### RECORDED INFORMATION:
<<<<

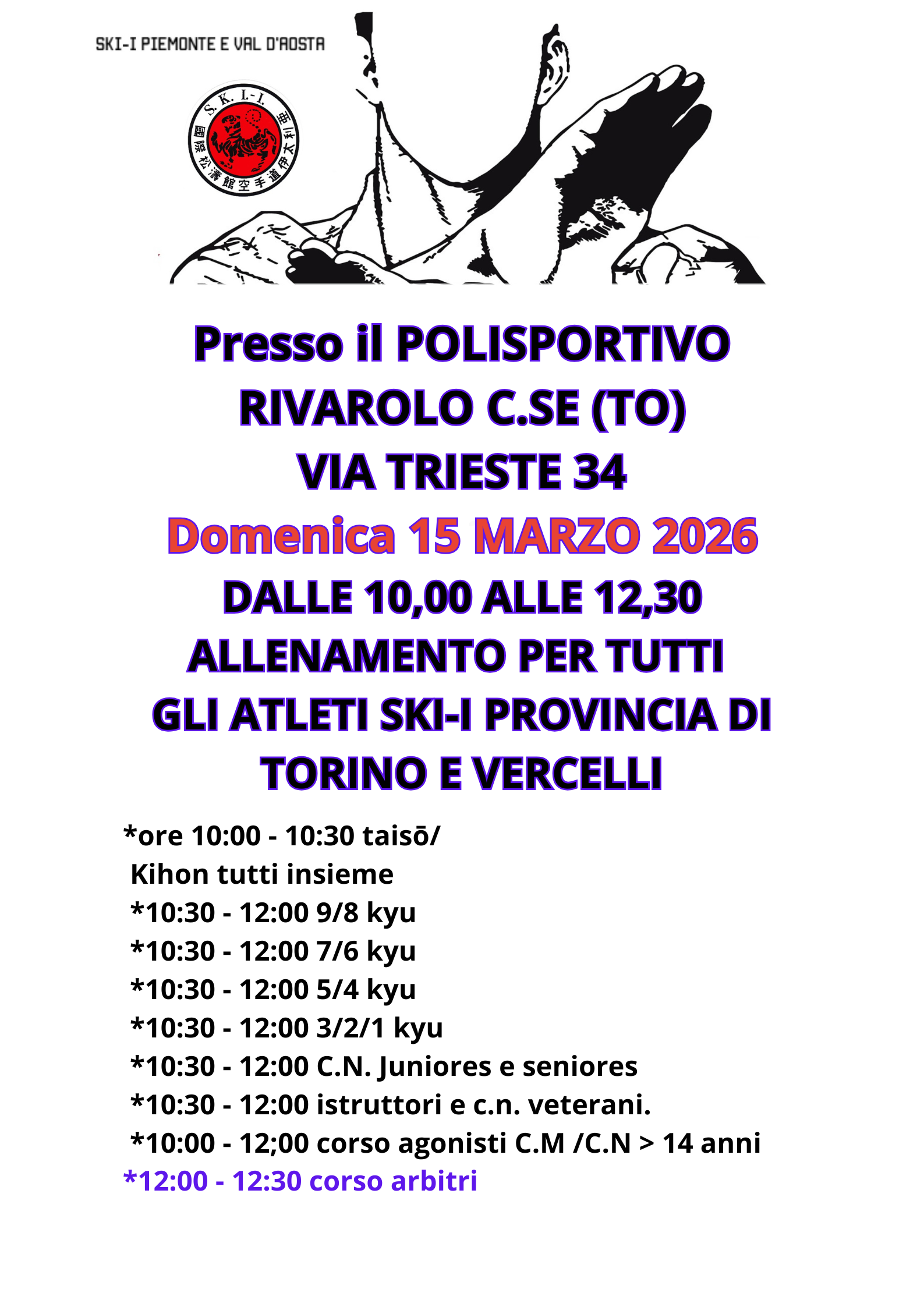 ALLENAMENTO PROVINCE TORINO E VERCELLI15/03/2026 CONFERMATOData apertura iscrizioni : 25/11/2025 - Termine iscrizioni : 13/03/2026 Tipo di evento : Provinciale PER TUTTI I GRADI KYU E DANRIVAROLO CANAVESE
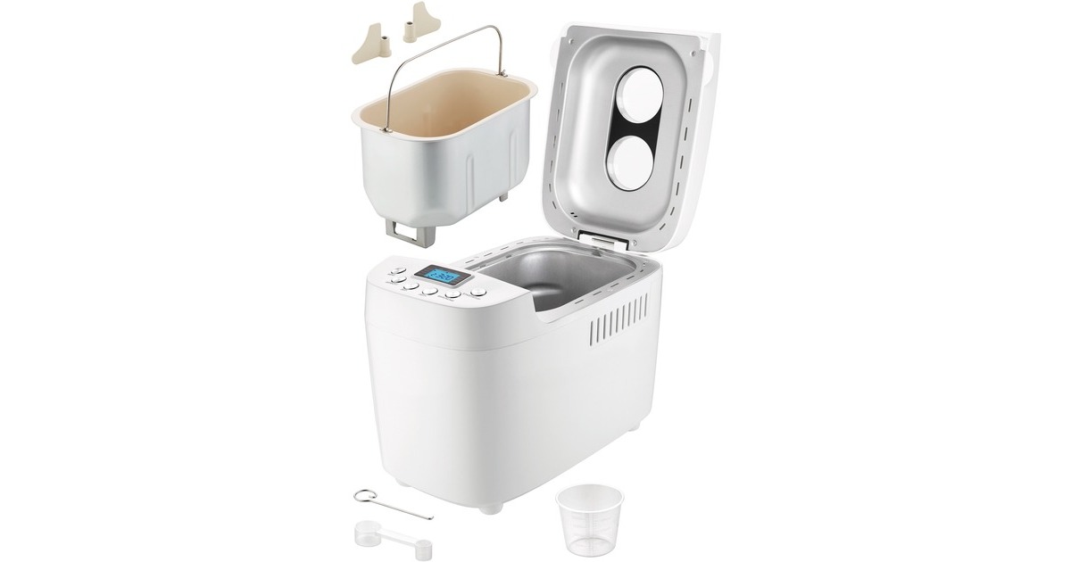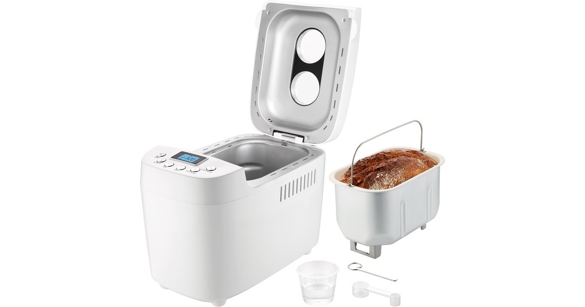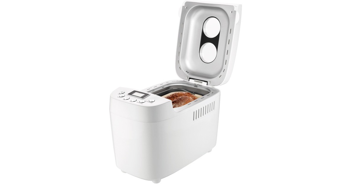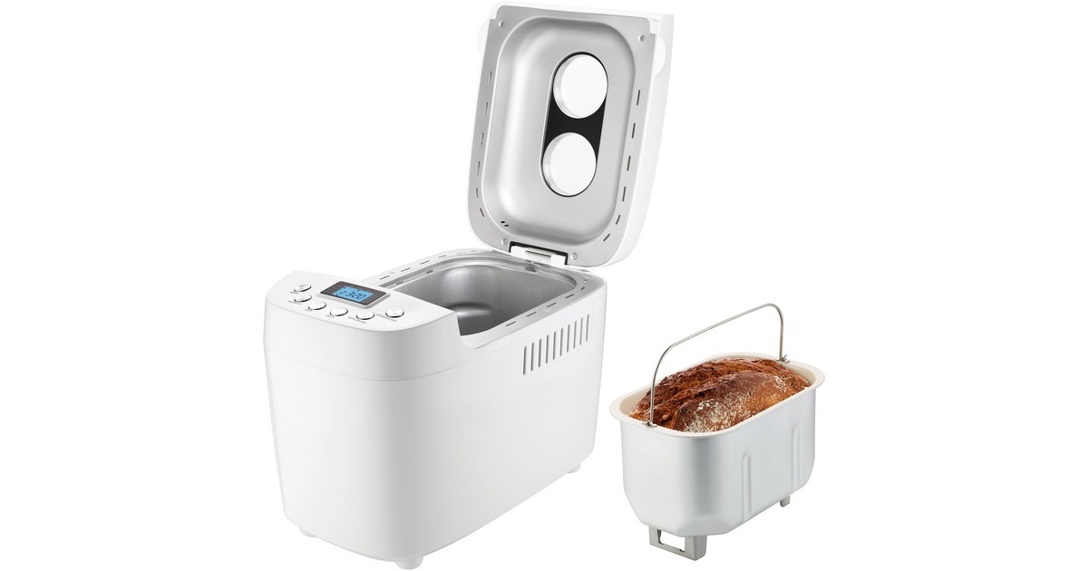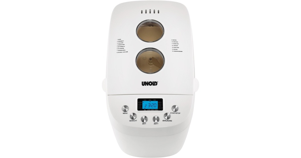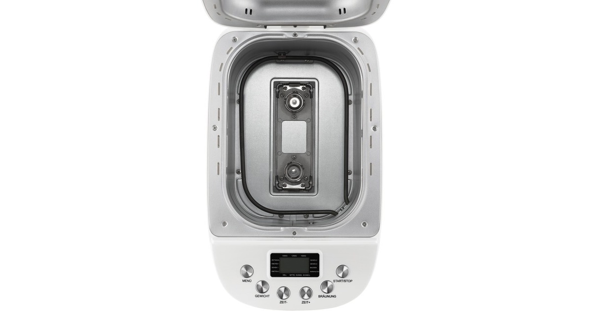 Hell, mittel oder dunkel, der Backmeister Big White bietet den gewünschten Brot-Bräunungsgrad und die Größen 1.000, 1.250 oder 1.500g Brotgewicht. 15 gespeicherte Programme setzen auf hausgemachte Vielfalt u.a. für glutenfreies Brot, Marmelade / Konfitüre, Kuchen, Nudelteig oder Joghurt. Der leistungsstarke, robuste AC-Motor vermengt in der entnehmbaren Backform mit ihrem antihaftbeschichteten Doppelkneter alles gut. Durch zwei große Sichtfenster kann der Fortschritt immer beobachtet werden. Mit der Zeitwahltaste wird der Start bis zu 15 Stunden vorprogrammiert, und bei Stromausfall gibt es die Netzausfallsicherung für circa 15 Minuten, dann kann es mit dem gewählten Programm weitergehen. Auf dem benutzerfreundlichen, beleuchteten LCD-Display können Brotgröße und Bräunungsgrad festgelegt werden. Auch bei schwerem Brotteig sorgen die Antirutschfüße vom Backmeister Big White für sicheren Stand. Zum Lieferumfang gehören Messbecher und -löffel, 2 Kneter, 1 Hakenspieß und eine Bedienungsanleitung mit vielerlei Rezepten.Art.-Nr.: 1734876
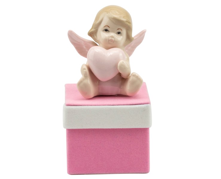 Sacchetto harmony 2024 scatolina quadrata in velluto rosa con angelo in porcellana rosa
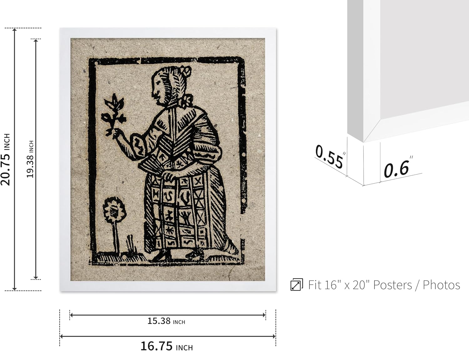 Poster Master Vintage Woodcut Poster - Retro Medieval Print - Gift for Gothic, Horror Fan - Witch Holding a Plant, Magic, Spell, Herbalist - Wall Decor for Bedroom, Dorm, 16x20 White Framed
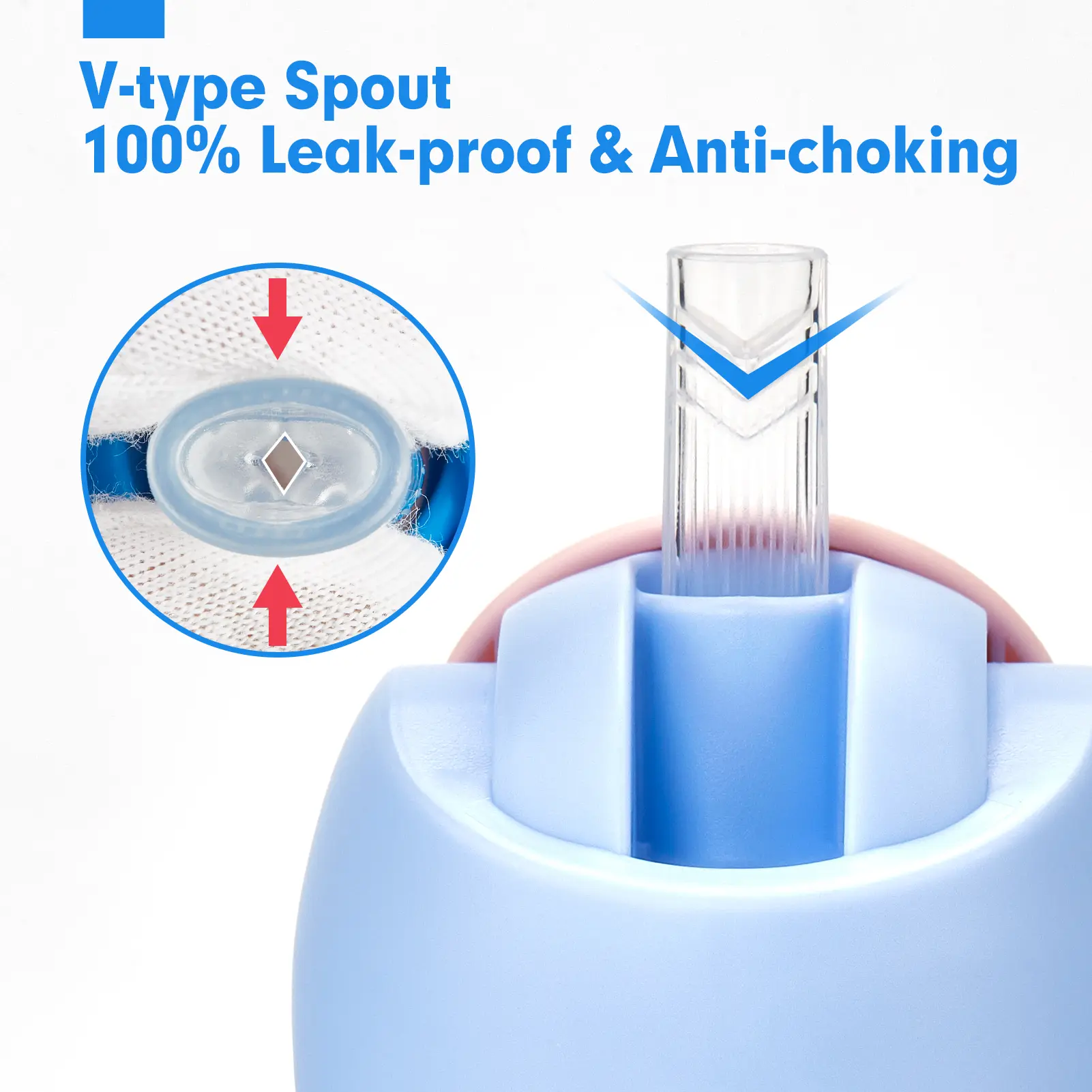 ·Leak-proof and Anti-choking: Compared to traditional drinking cups, our sippy cup is designed with V-type, valve cover and water seal ring, will form a sealed state and shut off the flow if the cup is dropped, effectively prevent leaks and avoiding mess, parents don’t need to worry for their kids choking. The spout also features a built-in air vent to help ensure your baby swallows liquid, not air. The cup includes a cap to help keep the spout clean when you’re on the go
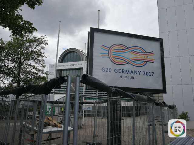(漢堡峰會(huì)主場(chǎng)地外的媒體中心門(mén)口,新華社記者劉杰攝)
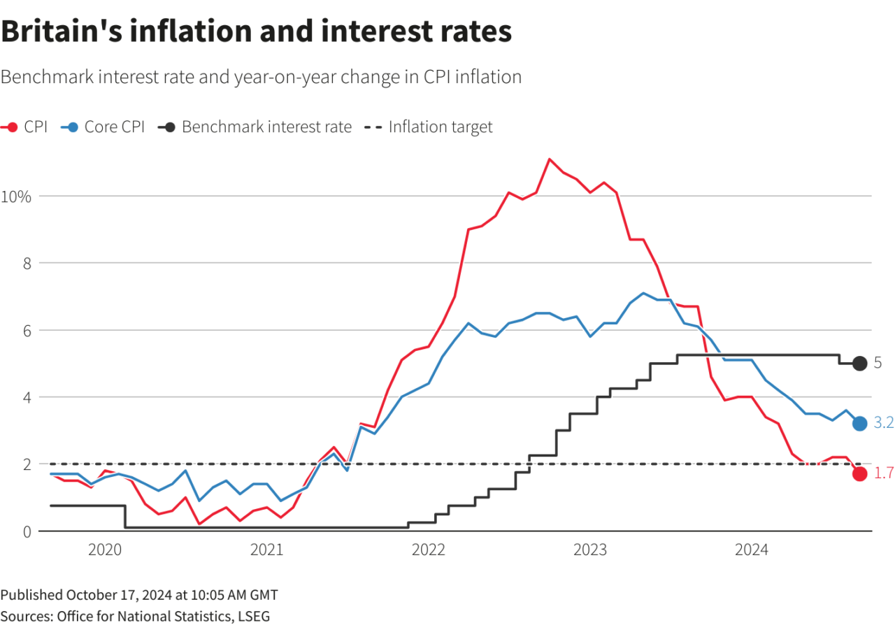 Η Τράπεζα της Αγγλίας μείωσε τα επιτόκια από 5,25% σε 5% τον Αύγουστο και οι αγορές έχουν αυξήσει τα στοιχήματα για περαιτέρω χαλάρωση μετά τα επικαιροποιημένα στοιχεία.
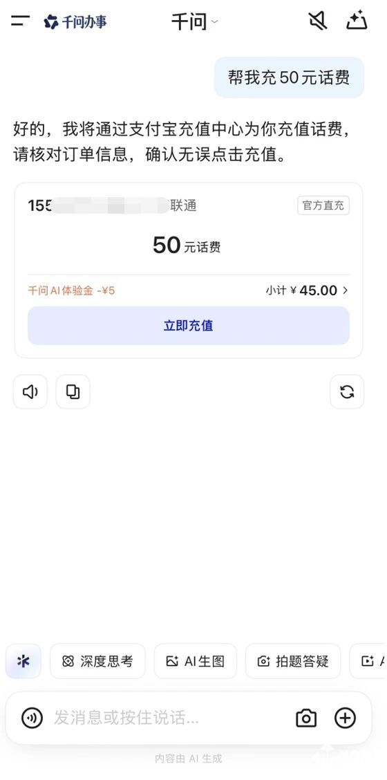 据悉,用户只需打开千问APP,像平常对话一样说出需求,例如“帮我手机充50元”。千问在理解指令后,会通过支付宝充值中心生成订单,并引导用户核对信息。确认无误后点击支付,即可调用已授权的支付宝账号完成交易,整个过程流畅无感。对于首次使用的用户,仅需在千问内完成一次支付宝账号的授权绑定,后续支付时通过面容、指纹或密码等本人核身方式验证即可,兼顾了便捷与安全。
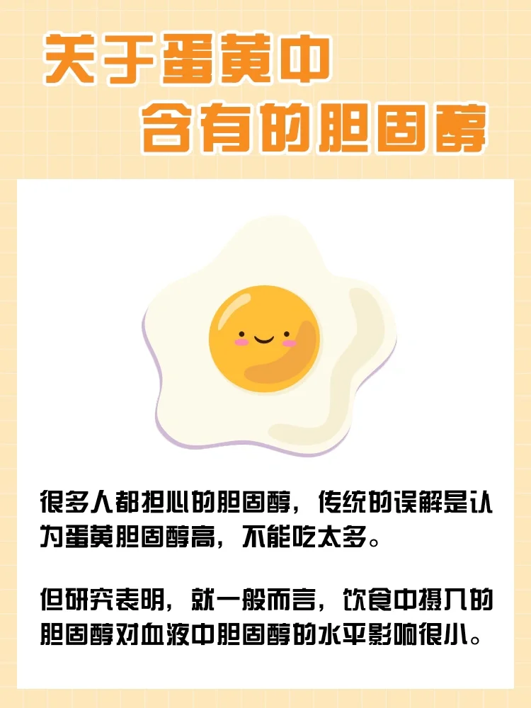 📝至于很多人都担心的胆固醇,传统的误解是认为蛋黄胆固醇高,不能吃太多。但研究表明,就一般而言,饮食中摄入的胆固醇对血液中胆固醇的水平影响很小。
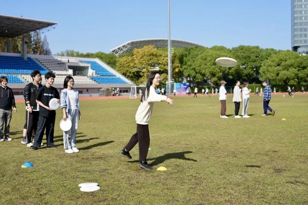與此同時,在體育場上,一群學生正手握飛盤,拋接傳遞。去年九月起學校新開設《極限飛盤》課程后,吸引了大批同學選課,嘗試這門看似“小眾”運動。

>>>>

Minus its pictures, the full listing should be copied verbatim.

### WRITTEN RESPONSE:
 ALLENAMENTO PROVINCE TORINO E VERCELLI15/03/2026 CONFERMATOData apertura iscrizioni : 25/11/2025 - Termine iscrizioni : 13/03/2026 Tipo di evento : Provinciale PER TUTTI I GRADI KYU E DANRIVAROLO CANAVESE
 Hell, mittel oder dunkel, der Backmeister Big White bietet den gewünschten Brot-Bräunungsgrad und die Größen 1.000, 1.250 oder 1.500g Brotgewicht. 15 gespeicherte Programme setzen auf hausgemachte Vielfalt u.a. für glutenfreies Brot, Marmelade / Konfitüre, Kuchen, Nudelteig oder Joghurt. Der leistungsstarke, robuste AC-Motor vermengt in der entnehmbaren Backform mit ihrem antihaftbeschichteten Doppelkneter alles gut. Durch zwei große Sichtfenster kann der Fortschritt immer beobachtet werden. Mit der Zeitwahltaste wird der Start bis zu 15 Stunden vorprogrammiert, und bei Stromausfall gibt es die Netzausfallsicherung für circa 15 Minuten, dann kann es mit dem gewählten Programm weitergehen. Auf dem benutzerfreundlichen, beleuchteten LCD-Display können Brotgröße und Bräunungsgrad festgelegt werden. Auch bei schwerem Brotteig sorgen die Antirutschfüße vom Backmeister Big White für sicheren Stand. Zum Lieferumfang gehören Messbecher und -löffel, 2 Kneter, 1 Hakenspieß und eine Bedienungsanleitung mit vielerlei Rezepten.Art.-Nr.: 1734876
 Sacchetto harmony 2024 scatolina quadrata in velluto rosa con angelo in porcellana rosa
 Poster Master Vintage Woodcut Poster - Retro Medieval Print - Gift for Gothic, Horror Fan - Witch Holding a Plant, Magic, Spell, Herbalist - Wall Decor for Bedroom, Dorm, 16x20 White Framed
 ·Leak-proof and Anti-choking: Compared to traditional drinking cups, our sippy cup is designed with V-type, valve cover and water seal ring, will form a sealed state and shut off the flow if the cup is dropped, effectively prevent leaks and avoiding mess, parents don’t need to worry for their kids choking. The spout also features a built-in air vent to help ensure your baby swallows liquid, not air. The cup includes a cap to help keep the spout clean when you’re on the go
(漢堡峰會(huì)主場(chǎng)地外的媒體中心門(mén)口,新華社記者劉杰攝)
 Η Τράπεζα της Αγγλίας μείωσε τα επιτόκια από 5,25% σε 5% τον Αύγουστο και οι αγορές έχουν αυξήσει τα στοιχήματα για περαιτέρω χαλάρωση μετά τα επικαιροποιημένα στοιχεία.
 据悉,用户只需打开千问APP,像平常对话一样说出需求,例如“帮我手机充50元”。千问在理解指令后,会通过支付宝充值中心生成订单,并引导用户核对信息。确认无误后点击支付,即可调用已授权的支付宝账号完成交易,整个过程流畅无感。对于首次使用的用户,仅需在千问内完成一次支付宝账号的授权绑定,后续支付时通过面容、指纹或密码等本人核身方式验证即可,兼顾了便捷与安全。
 📝至于很多人都担心的胆固醇,传统的误解是认为蛋黄胆固醇高,不能吃太多。但研究表明,就一般而言,饮食中摄入的胆固醇对血液中胆固醇的水平影响很小。
與此同時,在體育場上,一群學生正手握飛盤,拋接傳遞。去年九月起學校新開設《極限飛盤》課程后,吸引了大批同學選課,嘗試這門看似“小眾”運動。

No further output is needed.